• [Task to complete]: Output the entries exactly as they appear. Pictures should not be included.

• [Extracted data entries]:
* * * * * * * * *
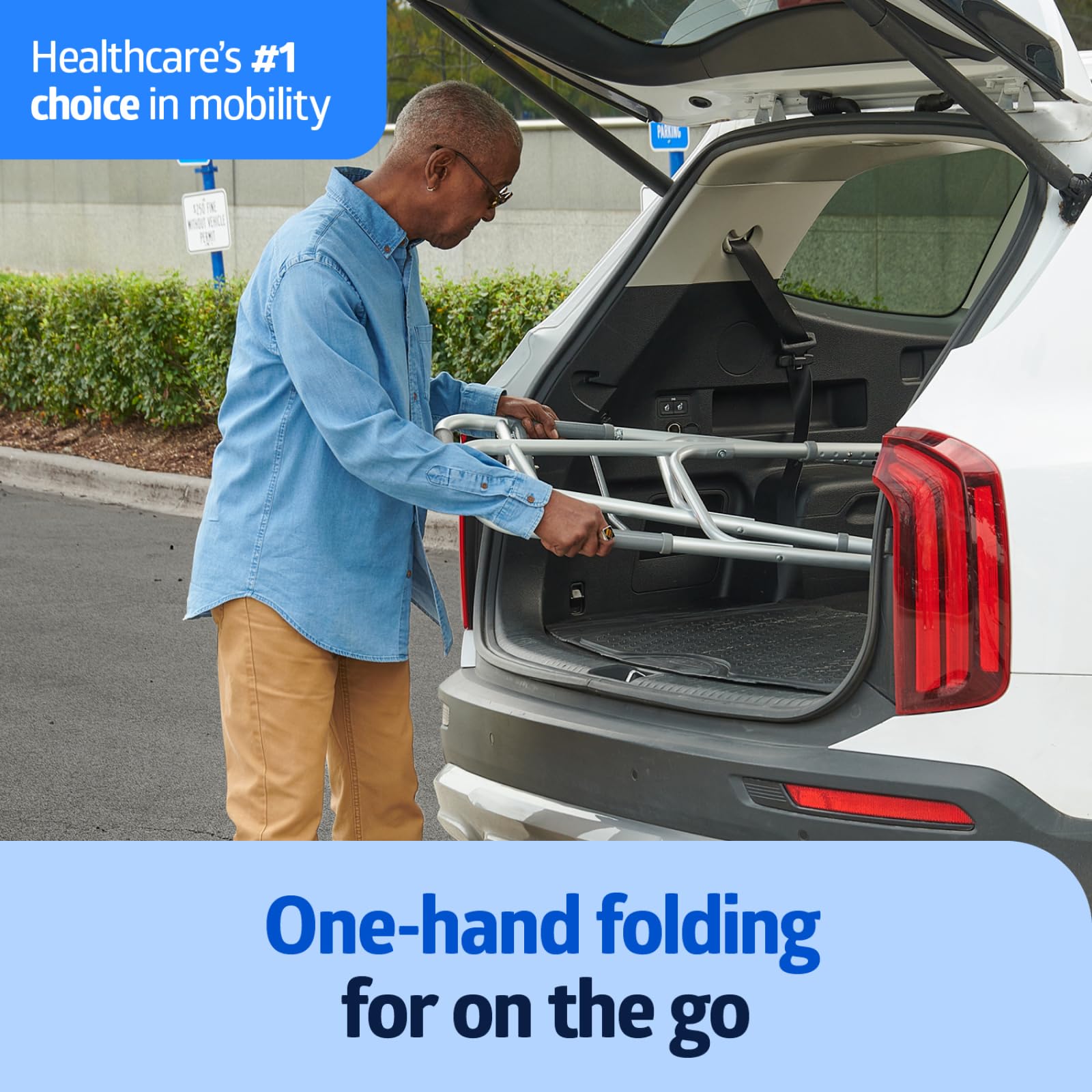 - LIGHTWEIGHT. EASY-FOLD DESIGN: Lightweight walker weighs just 2.7 with 2-button mechanism that makes it easy to fold and for convenient storage or travel
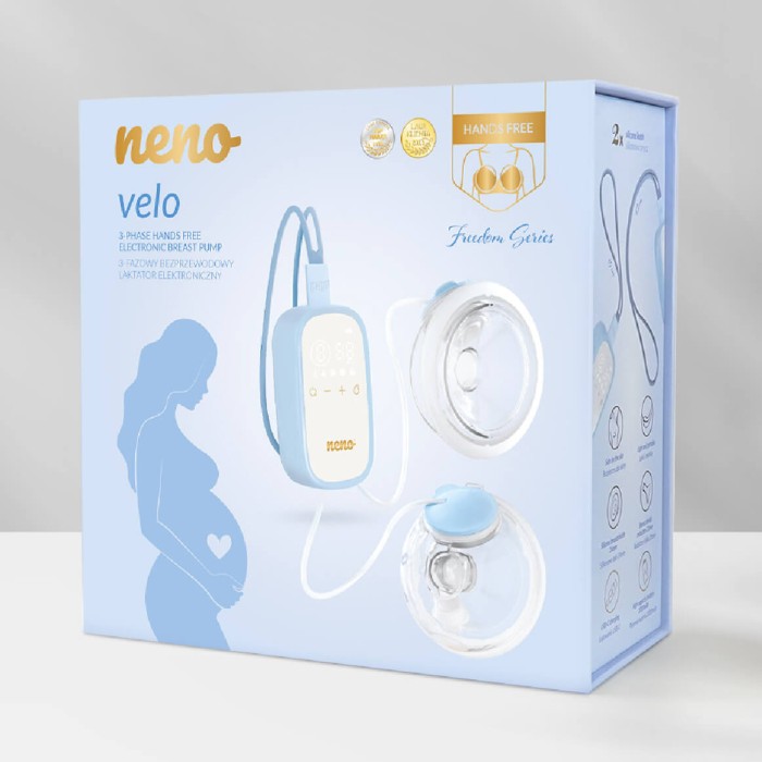 NENO Breast Pump Electric Hands Free Velo är en batteridriven, handsfree dubbel-bröstpump med tre lägen, framtagna för att efterlikna barnets naturliga sugmönster.
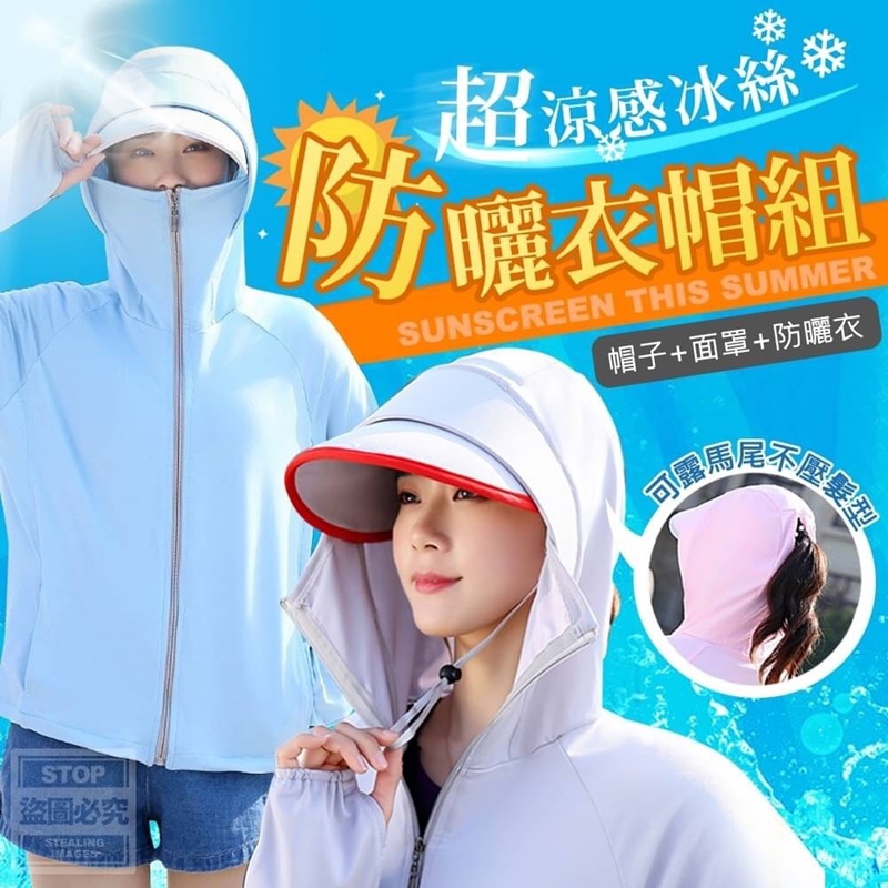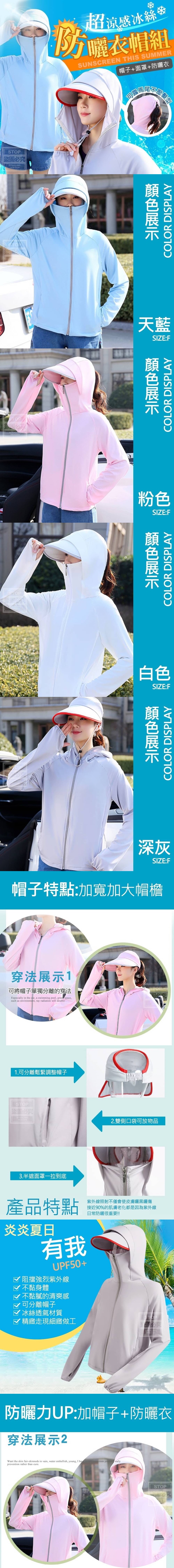 【商品尺寸】-F (附贈配件款式數量及顏色隨機出貨, 圖片僅供參考,以實際收到為主。) 【商品說明】- 紫外線照射不僅會使皮膚曬黑曬傷 接近90%的肌膚老化都是因為紫外線 要注意日常防曬喔!! 擦再多的防曬用品還是容易傷害肌膚 物理防曬系:冰絲防曬衣帽組 能阻擋強烈紫外線 輕薄透氣不黏身體 不黏膩的清爽感 帽子可依照自己的需求分離 冰絲透氣材質、精緻走現細緻做工 寶貝自己的肌膚就從平日穿衣防護做起唷~~
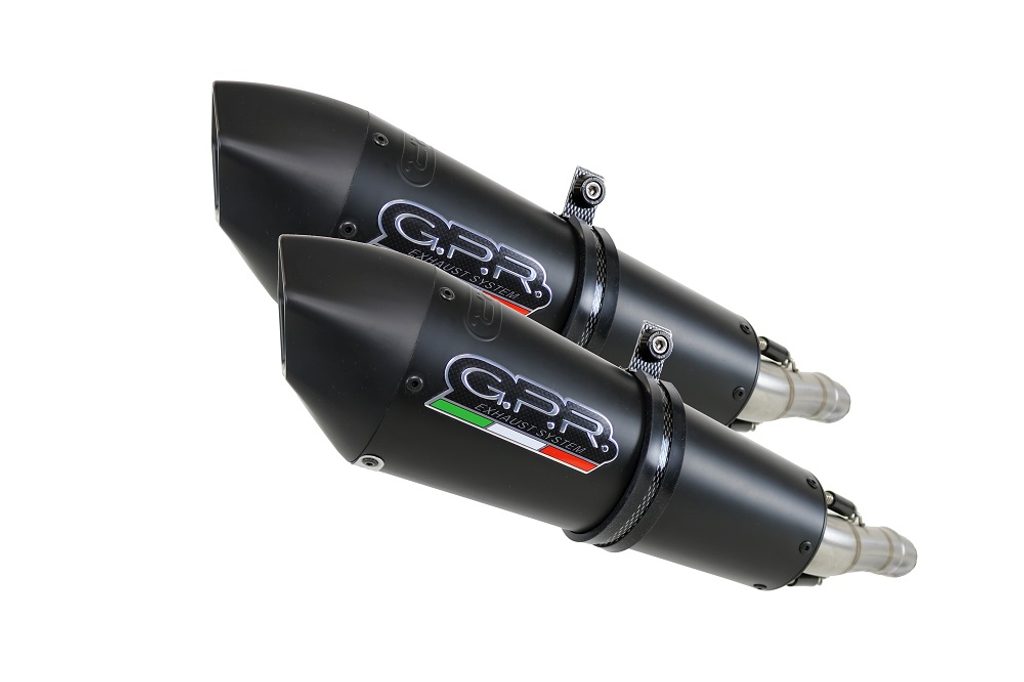 Dvojitá koncovka výfuku Slip-on GPR GPE ANN. K.158.E4.GPAN.BLT Titanová matná černá zahrnuje odnímatelné dB killery a spojovací svody
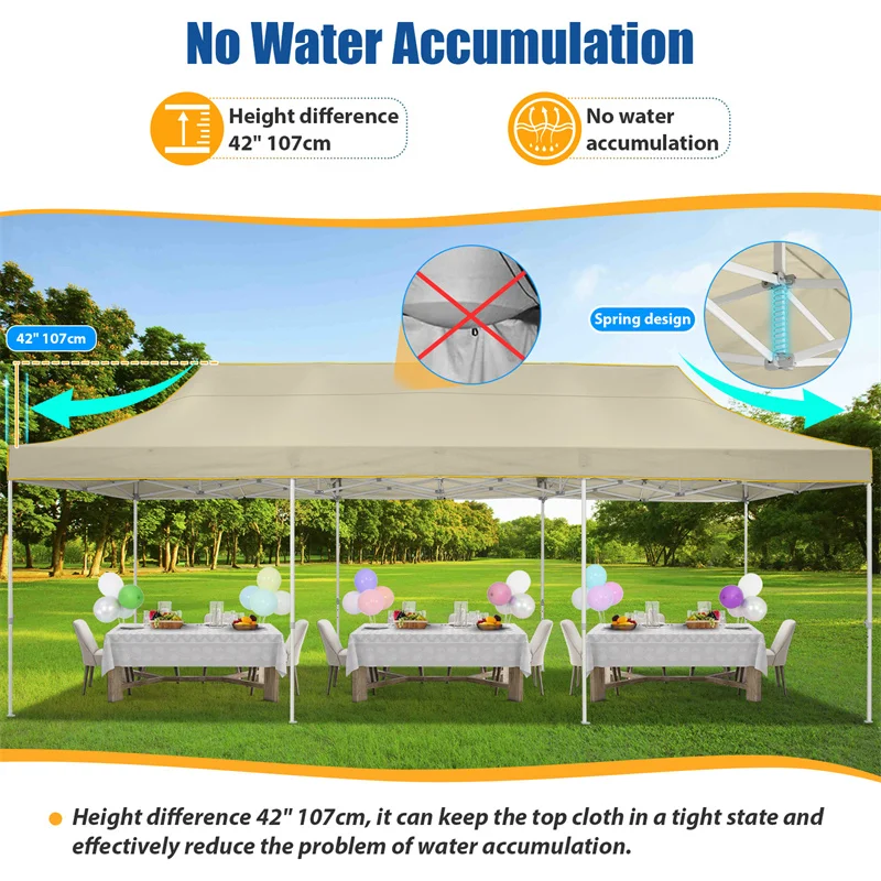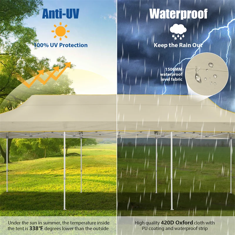 [- & -] Super durable pop up canopy top made with 420D Oxford fabric with PVC coating and waterproof strip to ensure 99% UV protection, 1500MM water resistance, and cooler shade area. Under the work of the height difference 42", it can keep the top cloth in a tight state and effectively reduce the problem of water accumulation.
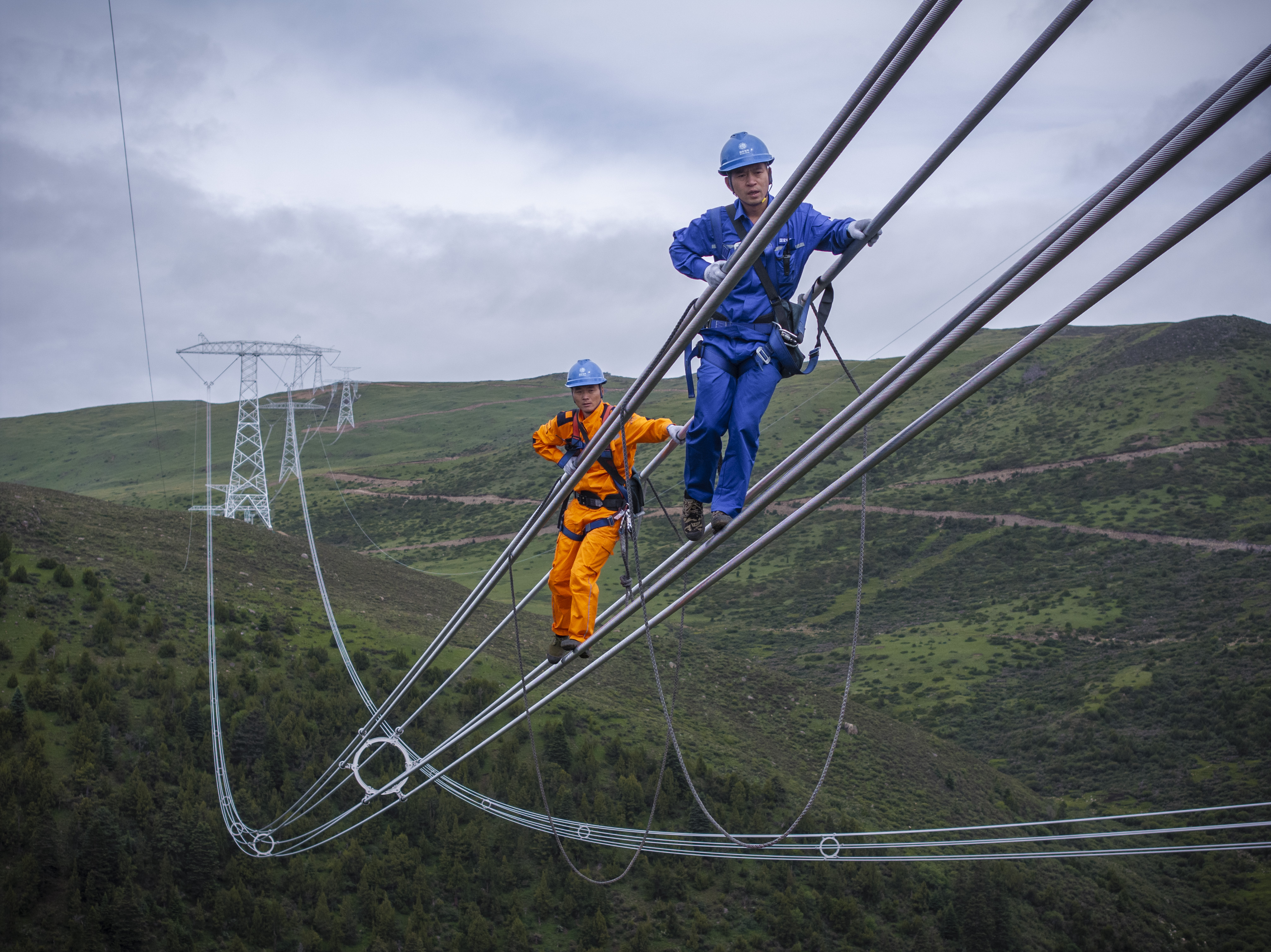 2025年7月1日,作业人员正在金沙江上游—湖北±800千伏特高压直流输电工程四川甘孜段走线验收。(郑自豪 摄)
* * * * * * * * *
• [Expected answer]:
 - LIGHTWEIGHT. EASY-FOLD DESIGN: Lightweight walker weighs just 2.7 with 2-button mechanism that makes it easy to fold and for convenient storage or travel
 NENO Breast Pump Electric Hands Free Velo är en batteridriven, handsfree dubbel-bröstpump med tre lägen, framtagna för att efterlikna barnets naturliga sugmönster.
 【商品尺寸】-F (附贈配件款式數量及顏色隨機出貨, 圖片僅供參考,以實際收到為主。) 【商品說明】- 紫外線照射不僅會使皮膚曬黑曬傷 接近90%的肌膚老化都是因為紫外線 要注意日常防曬喔!! 擦再多的防曬用品還是容易傷害肌膚 物理防曬系:冰絲防曬衣帽組 能阻擋強烈紫外線 輕薄透氣不黏身體 不黏膩的清爽感 帽子可依照自己的需求分離 冰絲透氣材質、精緻走現細緻做工 寶貝自己的肌膚就從平日穿衣防護做起唷~~
 Dvojitá koncovka výfuku Slip-on GPR GPE ANN. K.158.E4.GPAN.BLT Titanová matná černá zahrnuje odnímatelné dB killery a spojovací svody
 [- & -] Super durable pop up canopy top made with 420D Oxford fabric with PVC coating and waterproof strip to ensure 99% UV protection, 1500MM water resistance, and cooler shade area. Under the work of the height difference 42", it can keep the top cloth in a tight state and effectively reduce the problem of water accumulation.
 2025年7月1日,作业人员正在金沙江上游—湖北±800千伏特高压直流输电工程四川甘孜段走线验收。(郑自豪 摄)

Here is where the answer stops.